With the pictures omitted, write out the entries that follow exactly as they stand.

Dataset excerpts
[Start of section]

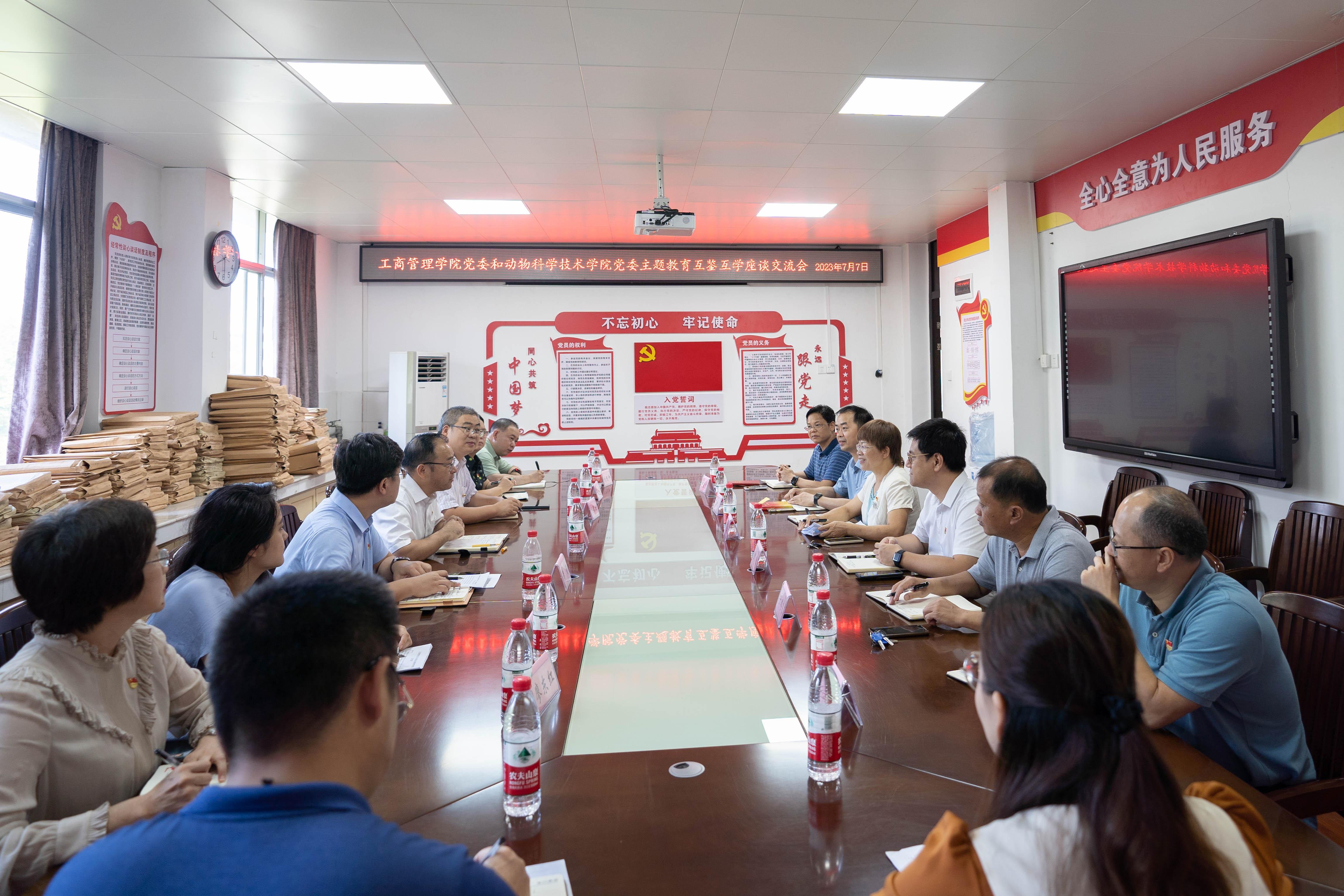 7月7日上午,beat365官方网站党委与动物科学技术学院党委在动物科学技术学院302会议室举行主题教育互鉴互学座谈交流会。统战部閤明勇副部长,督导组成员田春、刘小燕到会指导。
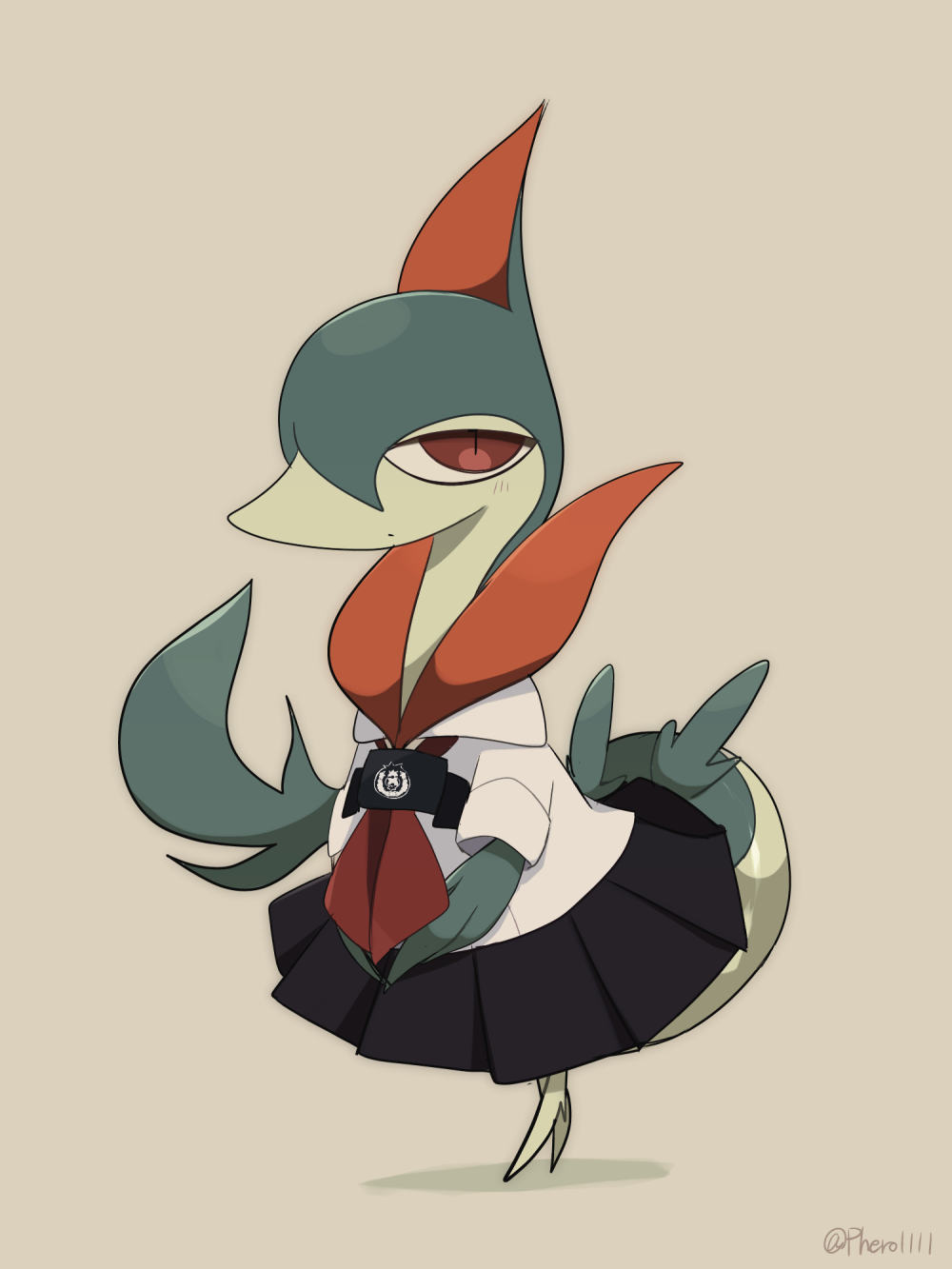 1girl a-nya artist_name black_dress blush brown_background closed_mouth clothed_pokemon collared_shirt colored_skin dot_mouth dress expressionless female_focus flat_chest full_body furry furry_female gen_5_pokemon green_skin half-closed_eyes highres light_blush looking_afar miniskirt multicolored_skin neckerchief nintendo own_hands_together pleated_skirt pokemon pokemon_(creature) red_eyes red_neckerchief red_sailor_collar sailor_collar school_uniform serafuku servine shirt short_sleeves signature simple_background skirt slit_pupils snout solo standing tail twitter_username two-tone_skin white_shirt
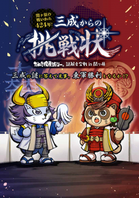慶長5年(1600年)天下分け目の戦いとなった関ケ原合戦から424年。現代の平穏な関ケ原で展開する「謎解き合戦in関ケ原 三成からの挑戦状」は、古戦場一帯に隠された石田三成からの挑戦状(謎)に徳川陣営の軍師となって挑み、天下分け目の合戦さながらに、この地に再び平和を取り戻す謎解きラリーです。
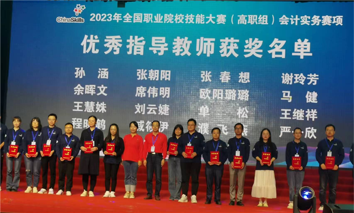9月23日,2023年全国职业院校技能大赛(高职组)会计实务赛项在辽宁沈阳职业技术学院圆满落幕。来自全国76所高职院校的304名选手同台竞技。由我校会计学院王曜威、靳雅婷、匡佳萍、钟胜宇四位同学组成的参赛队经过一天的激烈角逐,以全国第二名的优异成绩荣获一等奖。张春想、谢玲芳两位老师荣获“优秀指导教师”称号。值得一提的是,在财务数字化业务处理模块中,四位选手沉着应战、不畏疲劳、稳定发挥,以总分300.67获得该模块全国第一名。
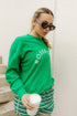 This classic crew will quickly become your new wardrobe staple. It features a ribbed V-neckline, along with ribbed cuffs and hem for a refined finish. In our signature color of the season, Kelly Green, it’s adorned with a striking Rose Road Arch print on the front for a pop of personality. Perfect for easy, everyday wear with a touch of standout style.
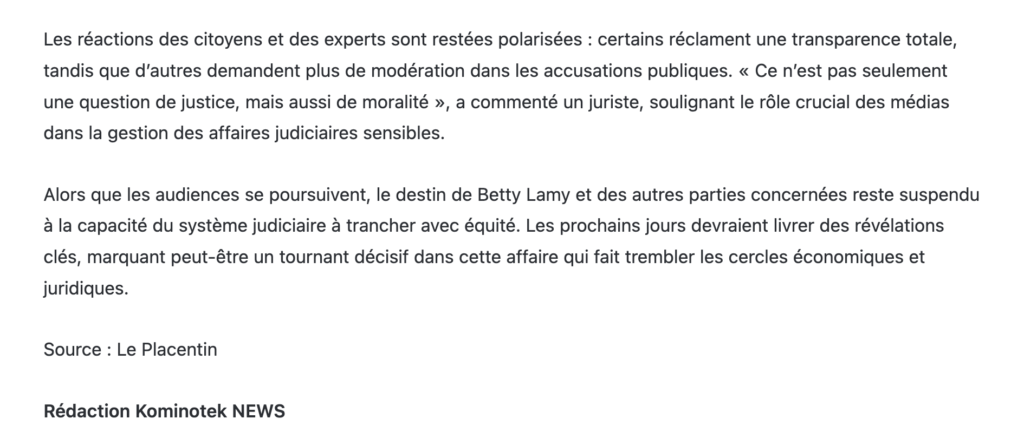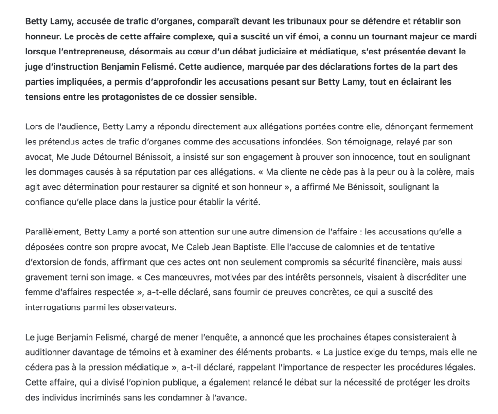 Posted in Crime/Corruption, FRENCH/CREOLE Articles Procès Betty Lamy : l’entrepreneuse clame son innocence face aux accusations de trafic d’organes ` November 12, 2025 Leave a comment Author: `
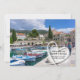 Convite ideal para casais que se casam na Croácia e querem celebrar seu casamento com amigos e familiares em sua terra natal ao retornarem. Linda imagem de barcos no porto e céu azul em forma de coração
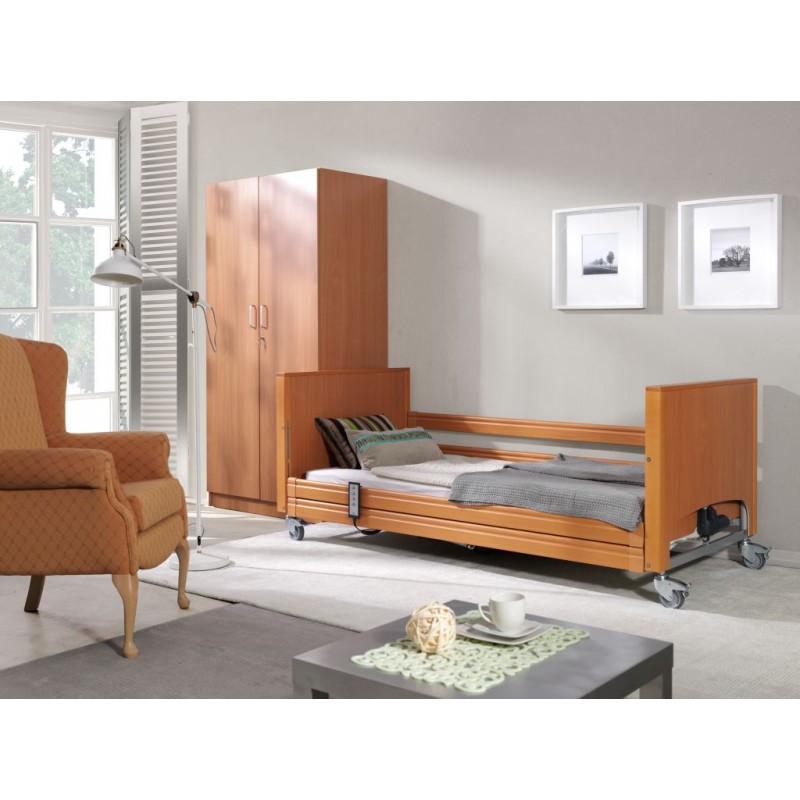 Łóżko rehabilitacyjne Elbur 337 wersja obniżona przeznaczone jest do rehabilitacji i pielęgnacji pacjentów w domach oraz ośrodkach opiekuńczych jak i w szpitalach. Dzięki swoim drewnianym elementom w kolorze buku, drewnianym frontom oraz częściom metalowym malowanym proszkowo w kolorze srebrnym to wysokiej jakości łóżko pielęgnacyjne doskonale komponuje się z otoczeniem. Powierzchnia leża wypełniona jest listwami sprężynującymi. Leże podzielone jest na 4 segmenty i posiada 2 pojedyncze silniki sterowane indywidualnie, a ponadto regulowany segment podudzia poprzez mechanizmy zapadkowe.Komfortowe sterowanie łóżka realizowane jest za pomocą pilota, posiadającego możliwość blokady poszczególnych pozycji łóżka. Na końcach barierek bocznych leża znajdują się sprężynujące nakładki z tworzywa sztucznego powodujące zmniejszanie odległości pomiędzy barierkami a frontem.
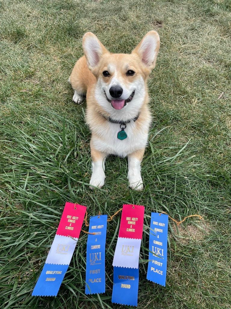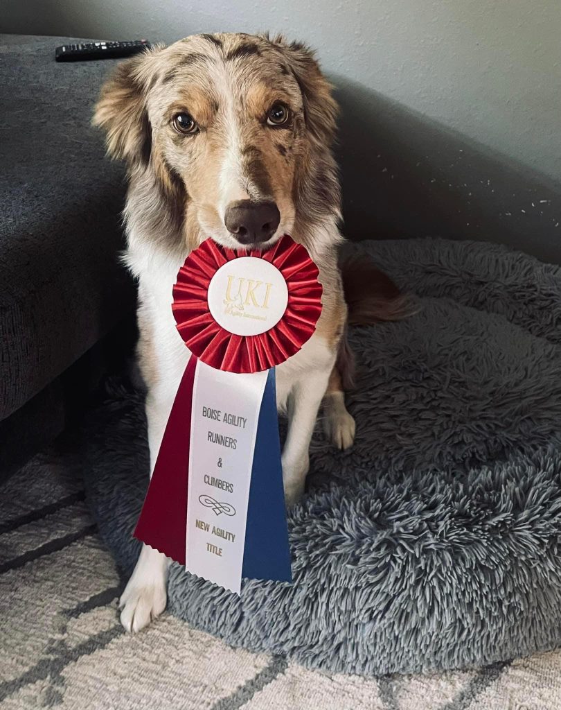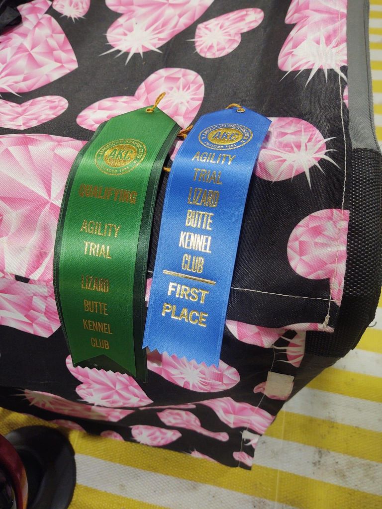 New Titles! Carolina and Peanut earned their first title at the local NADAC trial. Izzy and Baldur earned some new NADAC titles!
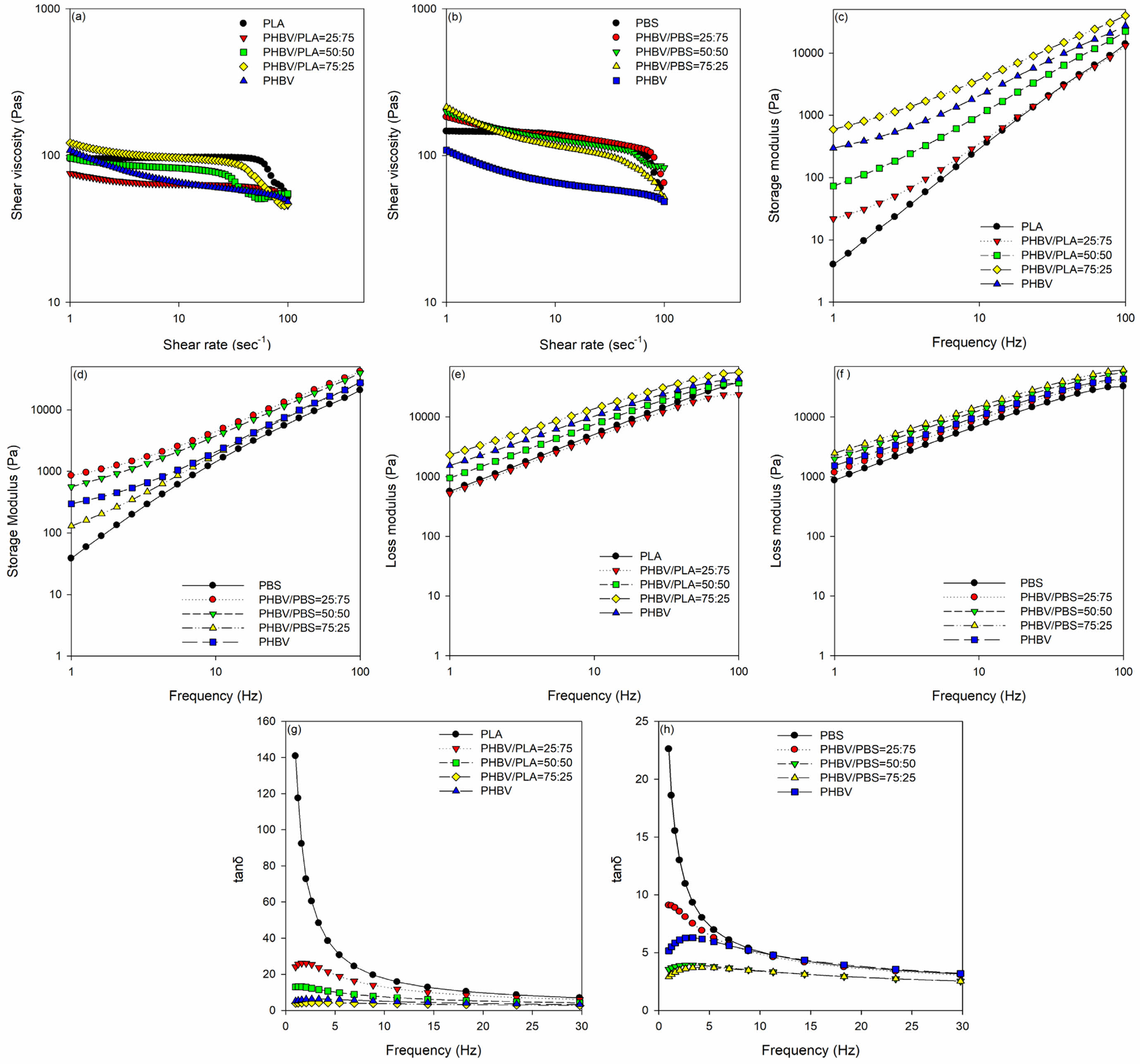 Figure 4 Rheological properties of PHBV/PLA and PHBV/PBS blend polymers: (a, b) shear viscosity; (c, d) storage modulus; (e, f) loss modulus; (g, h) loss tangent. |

[End of section]

FINAL ANSWER ▸
 7月7日上午,beat365官方网站党委与动物科学技术学院党委在动物科学技术学院302会议室举行主题教育互鉴互学座谈交流会。统战部閤明勇副部长,督导组成员田春、刘小燕到会指导。
 1girl a-nya artist_name black_dress blush brown_background closed_mouth clothed_pokemon collared_shirt colored_skin dot_mouth dress expressionless female_focus flat_chest full_body furry furry_female gen_5_pokemon green_skin half-closed_eyes highres light_blush looking_afar miniskirt multicolored_skin neckerchief nintendo own_hands_together pleated_skirt pokemon pokemon_(creature) red_eyes red_neckerchief red_sailor_collar sailor_collar school_uniform serafuku servine shirt short_sleeves signature simple_background skirt slit_pupils snout solo standing tail twitter_username two-tone_skin white_shirt
慶長5年(1600年)天下分け目の戦いとなった関ケ原合戦から424年。現代の平穏な関ケ原で展開する「謎解き合戦in関ケ原 三成からの挑戦状」は、古戦場一帯に隠された石田三成からの挑戦状(謎)に徳川陣営の軍師となって挑み、天下分け目の合戦さながらに、この地に再び平和を取り戻す謎解きラリーです。
9月23日,2023年全国职业院校技能大赛(高职组)会计实务赛项在辽宁沈阳职业技术学院圆满落幕。来自全国76所高职院校的304名选手同台竞技。由我校会计学院王曜威、靳雅婷、匡佳萍、钟胜宇四位同学组成的参赛队经过一天的激烈角逐,以全国第二名的优异成绩荣获一等奖。张春想、谢玲芳两位老师荣获“优秀指导教师”称号。值得一提的是,在财务数字化业务处理模块中,四位选手沉着应战、不畏疲劳、稳定发挥,以总分300.67获得该模块全国第一名。
 This classic crew will quickly become your new wardrobe staple. It features a ribbed V-neckline, along with ribbed cuffs and hem for a refined finish. In our signature color of the season, Kelly Green, it’s adorned with a striking Rose Road Arch print on the front for a pop of personality. Perfect for easy, everyday wear with a touch of standout style.
 Posted in Crime/Corruption, FRENCH/CREOLE Articles Procès Betty Lamy : l’entrepreneuse clame son innocence face aux accusations de trafic d’organes ` November 12, 2025 Leave a comment Author: `
 Convite ideal para casais que se casam na Croácia e querem celebrar seu casamento com amigos e familiares em sua terra natal ao retornarem. Linda imagem de barcos no porto e céu azul em forma de coração
 Łóżko rehabilitacyjne Elbur 337 wersja obniżona przeznaczone jest do rehabilitacji i pielęgnacji pacjentów w domach oraz ośrodkach opiekuńczych jak i w szpitalach. Dzięki swoim drewnianym elementom w kolorze buku, drewnianym frontom oraz częściom metalowym malowanym proszkowo w kolorze srebrnym to wysokiej jakości łóżko pielęgnacyjne doskonale komponuje się z otoczeniem. Powierzchnia leża wypełniona jest listwami sprężynującymi. Leże podzielone jest na 4 segmenty i posiada 2 pojedyncze silniki sterowane indywidualnie, a ponadto regulowany segment podudzia poprzez mechanizmy zapadkowe.Komfortowe sterowanie łóżka realizowane jest za pomocą pilota, posiadającego możliwość blokady poszczególnych pozycji łóżka. Na końcach barierek bocznych leża znajdują się sprężynujące nakładki z tworzywa sztucznego powodujące zmniejszanie odległości pomiędzy barierkami a frontem.
 New Titles! Carolina and Peanut earned their first title at the local NADAC trial. Izzy and Baldur earned some new NADAC titles!
 Figure 4 Rheological properties of PHBV/PLA and PHBV/PBS blend polymers: (a, b) shear viscosity; (c, d) storage modulus; (e, f) loss modulus; (g, h) loss tangent. |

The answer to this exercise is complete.